In Merthyr (South Wales) Ltd v Merthyr Tydfil County Borough Council,(1) the Court of Appeal reiterated that while evidence of pre-contractual negotiations can be adduced to demonstrate how a transaction came about or what its commercial aims were, it cannot be adduced to aid the interpretation of the contractual provisions themselves.
The appellant company, Merthyr (South Wales) Ltd, operated open cast coal mining in South Wales. The respondent was the local planning authority, Merthyr Tydfil County Borough Council. In 2005 the council granted planning permission for mining operations on the condition that the land would be restored following the conclusion of those operations.
On 21 December 2015 the mining company, the council and HSBC Bank Plc entered into an escrow account agreement to create an escrow fund to secure £15 million for land restoration.
Clause 4.2(a) of the agreement provided that:
subject to clause 4.2(b) and (c), on each [quarterly funding date] the Company [the mining company] shall deposit an amount equal to £625,000 (as adjusted pursuant to clause 4.2(b) and (c)) into the account.
Clauses 4.2(b) and (c) provided that if a deposit or consecutive deposits were missed, the amount due on the following funding date would increase by the amount outstanding.
Clause 4.2(d) provided that if a deposit was not made on the final funding date, the company must pay the council the full £15 million by 30 June 2022 (which was the contractual longstop date).
The mining company made no deposits into the escrow account. The council applied for specific performance to compel the company to make the deposits.
The council was granted summary judgment for the accrued amounts due under the agreement and the mining company was ordered to pay the outstanding quarterly payments of £6.25 million into the escrow account.
The mining company appealed on the ground that Clause 4.2 of the escrow agreement did not create an enforceable obligation to pay any money into the escrow account until the contractual longstop date.
In support of its interpretation of Clause 4.2, the company sought to rely on a passage which appeared in certain pre-contractual documents.
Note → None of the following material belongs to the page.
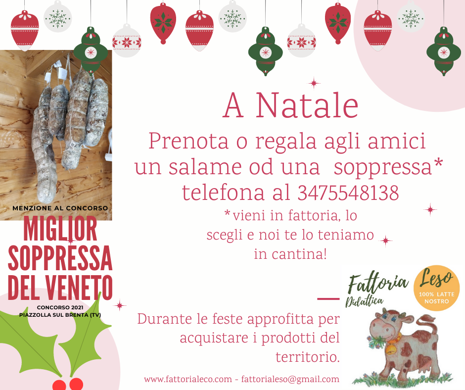 Posted on 14/12/2021 di AdminA Natale regala i prodotti della Fattoria Leso Per Natale prenota o regala agli amici un salame od una soppressa (*)telefona al 3475548138. Durante le feste approfitta per acquistare i prodotti del territorio. (*) vieni in fattoria, lo scegli e noi te lo teniamo in cantina! Condividi: Fai clic per condividere su Facebook (Si apre in una nuova finestra) Facebook Fai clic per condividere su WhatsApp (Si apre in una nuova finestra) WhatsApp Fai clic qui per condividere su LinkedIn (Si apre in una nuova finestra) LinkedIn Fai clic per condividere su Telegram (Si apre in una nuova finestra) Telegram Mi piace Caricamento...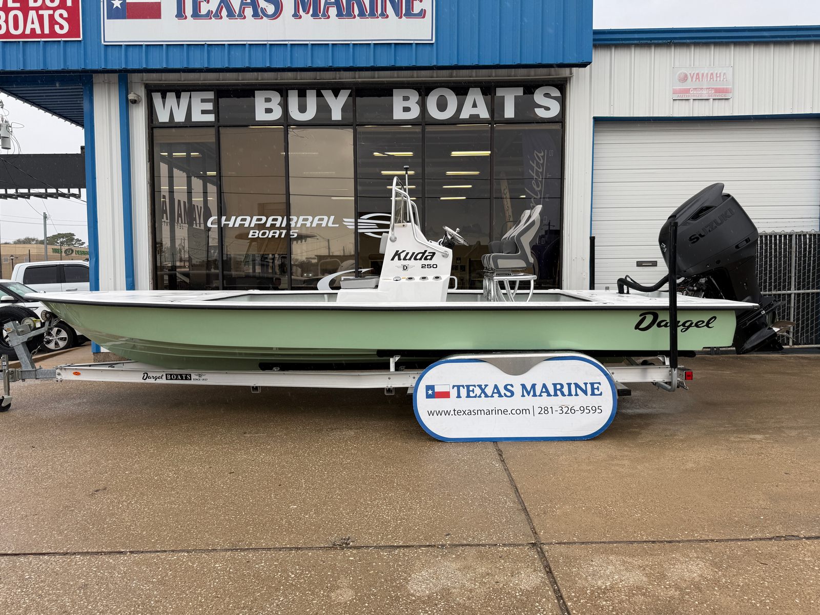 The 2026 Dargel Kuda 250 Center Console is more than just a boat – it’s your ticket to endless adventure, relaxation, and excitement. With its powerful Suzuki DF300APXSS engine, upgraded 25" shaft, racing seat, custom cushions, matte black finish, and included 250 Kuda trailer, this new Dargel boat for sale stands out as a top choice for discerning boaters. If you’re looking for a Center Console boat for sale that combines performance, comfort, and style, the Kuda 250 delivers on every front. Don’t miss your chance to own this exceptional vessel – contact your local dealer today to learn more and start your next great adventure on the water.

The gist of the passage was that if the company was unable to meet a quarterly payment, outstanding payments would be rolled forward, with the full £15 million being deposited into the escrow account by the longstop date.
The Court of Appeal analysed the applicable legal principles on the admissibility of evidence of pre-contractual negotiations. It concluded that pre-contractual documents may explain the commercial or business object of a contract, but that a party may not use pre-contractual communications as evidence of what the contract should be understood to mean, nor can that evidence be used to try to demonstrate that the parties reached a consensus on a particular point or used words in an agreed sense.
The Court of Appeal accepted that these pre-contractual documents could be adduced as evidence of the escrow agreement's commercial purpose. However, the court found that the passage cited by the company shed no light on that matter and that it had instead been introduced only to support the company's interpretation of Clause 4.2.
Accordingly, the Court of Appeal held that the passage was inadmissible by virtue of the exclusionary rule and, even if it were admissible, it would provide no guidance as to Clause 4.2's meaning, since the passage contemplated a scenario where the company was unable (rather than unwilling) to pay.
Without reference to the pre-contractual documents, the Court of Appeal held that the appellant mining company was obliged to pay the outstanding sums immediately, because:
(a) The interpretation of the contractual provision put forward by the company was inconsistent with the language of clause 4.2, where the use of terms such as 'shall', 'fails to pay', 'payable' and 'outstanding' signified that payment of sums into the escrow account on a funding date was intended to be a legal obligation, and not a matter of choice;
(b) the company's interpretation would defeat the commercial purpose of the escrow account, which was to build up a fund of money for land restoration while coal mining activity was being carried on; and
(c) it was contrary to business common sense that a sum due from a contracting party would cease to be due because the paying party chose not to pay on the agreed date.
If such a confirmation is necessary, this case confirms that the English courts continue to take a doctrinal approach to contractual interpretation. In particular, this decision confirms and reiterates the robustness of the exclusionary rule and provides a helpful illustration of the almost imperceptible distinction between using evidence of pre-contractual communication to shed light on the business aim of a contract (on the one hand) and to interpret the meaning of a contractual provision (on the other).